The black-staining polypore adds a meaty touch to this simple corn dumpling stew.
Dumpling Dry Ingredients
15 oz. cornmeal
1 tbs. flaxseeds, ground
1 tsp. Vege-sal or 1/2 tsp. salt
1 tsp. cream of tartar
1/2 tsp. baking soda
1/2 tsp. marjoram
1/2 tsp. nutmeg, ground
1/2 tsp. fennel seed, ground
1/2 tsp. xanthan gum
Dumpling Ingredients to Blend
1-1/4 cup soymilk
2 tbs. corn oil
2 tbs. lecithin granules
Sauce Ingredients
1/4 cup olive oil
1-1/2 cups black-staining polypore, sliced
3 cloves of garlic, finely chopped
2 oz. buckwheat flour
1 tbs. fresh basil, chopped
1 tsp. thyme, ground
1 tsp. tarragon, ground
4 cups boiling stock
4 tsp. garlic mustard seeds (optional)
1. Mix together the dumpling dry ingredients.
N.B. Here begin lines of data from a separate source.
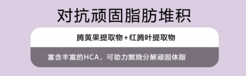机制:核心成分藤黄果提取物(含羟基柠檬酸 HCA),通过抑制脂肪合成酶活性,减少膳食热量向脂肪的转化;匙羹藤叶提取物辅助延缓碳水化合物吸收,平稳餐后血糖,从源头减少热量囤积。
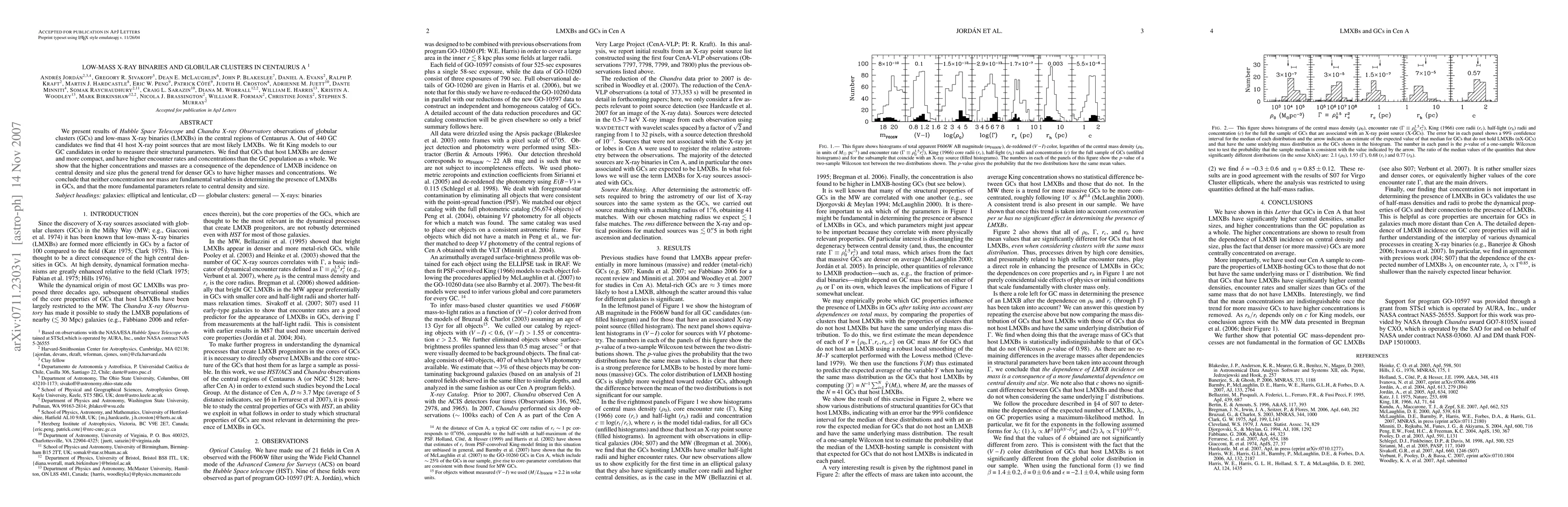 This study investigates the relationship between globular clusters and low-mass X-ray binaries in Centaurus A using Hubble and Chandra observations. It finds that globular clusters hosting low-mass X-ray binaries are denser and more compact, suggesting that central density and size, rather than concentration or mass, are key factors in the presence of these binaries.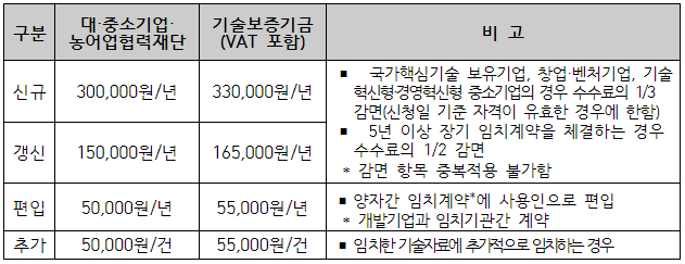 | 특이사항 | 신청 기업의 형태에 따라 발생하는 임치 수수료(기술자료 임치에 따른 수수료)가 상이함 |

2. Mix together the dumpling ingredients to blend
3. Mix the dumpling ingredients to blend into the dumpling dry ingredients.
4. Shape into 35 dumplings
5. Sauté the mushrooms in the olive oil 2 minutes.
6. Add the garlic and sauté another 2 minutes.
7. Add the flour, basil, thyme, tarragon, and Vege-sal and sauté another 2 minutes.
8. Gradually stir in the stock and return to a boil.
9. Reduce the heat to low, cover, and simmer 15 minutes, stirring often.
10. Stir in the garlic mustard seeds.